Major members of the US farm lobby say their members have been big beneficiaries of the trade deals that send American beef, corn and grain across the world
“TPP and NAFTA have long been convenient political punching bags, but the reality is that foreign trade has been one of the greatest success stories in the long history of the U.S. beef industry,” said the National Cattlemen's Beef Association, the beef industry's lobbying group, in a statement.
Trump is now reevaluating NAFTA, a deal that opened up trade between the US, Mexico and Canada 23 years ago — and which beef producers are big fans of. Kent Bacus, director of international trade and market access at the National Cattlemen's Beef Association, told BuzzFeed News that NAFTA is “a near perfect deal” and said it “was one of the greatest trade agreements we could have asked for.”
Others in the farming business are concerned about Trump's wall-building, deportation-minded positions on immigration. Of all American industries, farmers have the most to lose from a tighter policy on immigration, The Economist reported, and undocumented immigrants make up more than half of the workforce on farms, according to the U.S. Department of Labor.

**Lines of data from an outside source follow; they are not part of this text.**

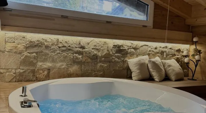 Relax in a luxurious farm stay with spa facilities, hot tub, and stunning mountain views in Zogno.
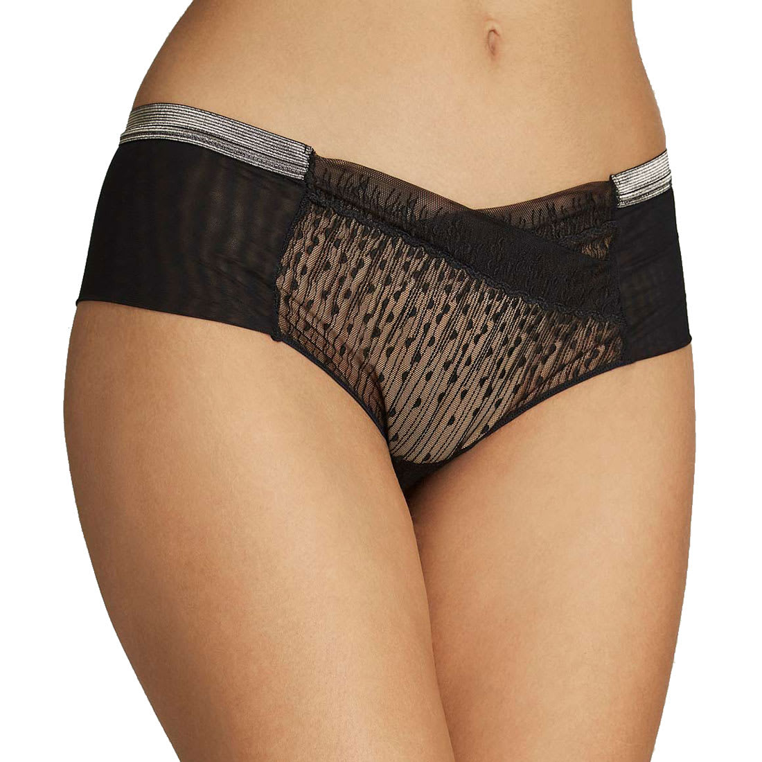 The silver band at the waist installs a subtle touch of sparkle.This short seduces with its comfortable waistband and embroidery inserts with contemporary and romantic influences.Front lace design for opacity and discretion.Flat seams finish to be discreet under clothing.A must have in your Lingerie drawer.
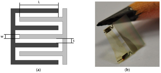 The used sensor consists of an interdigital structure on a flexible substrate. A schematic of the sensor is shown in Figure 1a. The geometrical parameters of the used sensors are shown in Table 1, where N is the number of fingers. The electrodes are fabricated on a 5 µm thick polyimide (PI) foil. To further reduce the influence of the sensor on the structural properties of the CFRP, holes are created in the substrate. This results in a net-shaped substrate with net structure dimensions in the range of the diameter of the fiber [21]. The sensor is fabricated in the cleanroom using microfabrication techniques. In the first step, a polyimide (PI) precursor (UPIA–ST from UBE) is spin coated on a silicon wafer, which only acts as a handling device here. The polyimide is cured on a vacuum hotplate with a temperature profile specified by the manufacturer. It results in a 5 µm thick PI layer. On this PI layer, a 300 nm gold layer is sputtered and wet chemically structured in a photolithographic process. On top of the electrodes, a second PI layer is created to have electrical isolation. This top isolation layer has a thickness of around 500 nm. The sensors are lifted from the wafer and wired. For the wiring, copper wires of 127 µm diameter with PI coating are used. The connection of the wires and sensors is realized with conductive silver glue. The contacted area is isolated afterwards. In Figure 1b a photograph of the sensor is shown.
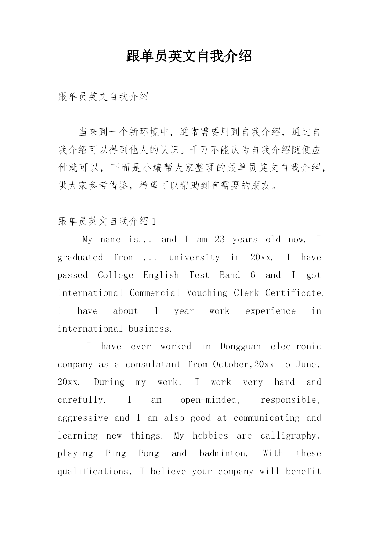 跟单员英文自我介绍跟单员英文自我介绍当来到一个新环境中,通常需要用到自我介绍,通过自我介绍可以得到他人的认识。千万不能认为自我介绍随便应付就可以,下面是小编帮大家整理的跟单员英文自我介绍,供大家参考借鉴,希望可以帮助到有需要的朋友。跟单员英文自我介绍1Mynameis...andIam23yearsoldnow.Igraduatedfrom...universityin20xx.IhavepassedCollegeEnglishTestBand6andIgotInternationalCommercial
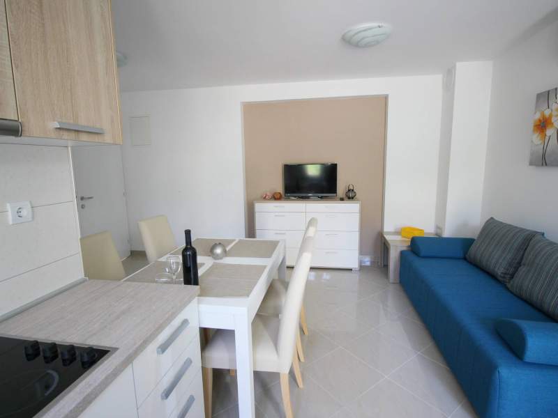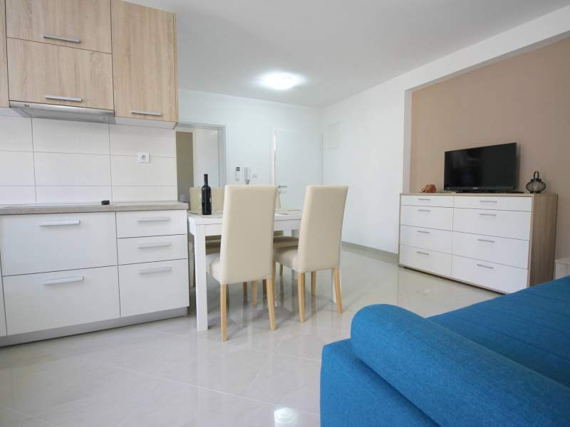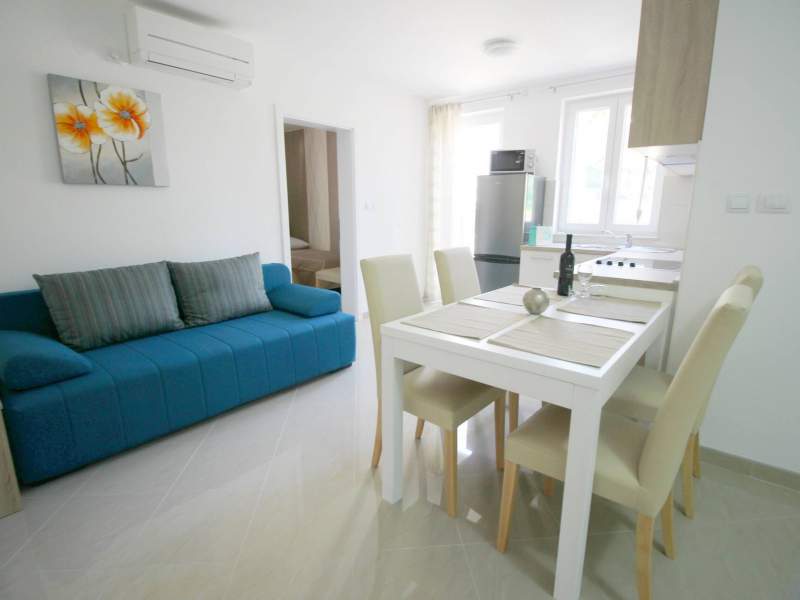 This modern apartment is located in a house with shared pool, only 200 m from the main beach of Baska and 100 m from the city center.

Idaho dairy farmers, who rely on immigrant labor, have started a petition to highlight their need for immigration reform.
Kristi Boswell, congressional relations director for the American Farm Bureau Federation, said in a podcast, “We want to make sure our workforce is legal and valid to work in the United States. However, the reality is over half of our workforce is undocumented, and so we want to make sure there is thoughtfulness by the administration in their approach recognizing the nature of our workforce.”
The US has a surplus in agricultural trade.
USDA
Meat producers have been quick to point out that their competitors overseas — particularly in Australia — will likely capitalize on the collapse the proposed TPP trade deal with Asian countries. In a joint letter last week, beef and pork producers called on the Trump administration to “initiate free trade agreement negotiations in the Asia-Pacific region beginning with Japan.
“While we may not agree with the decision to withdraw from the TPP, we respect that this is the position of the U.S. government, and we request that you prioritize securing strong market access to Asia-Pacific markets for U.S. beef and pork exports,” the letter stated.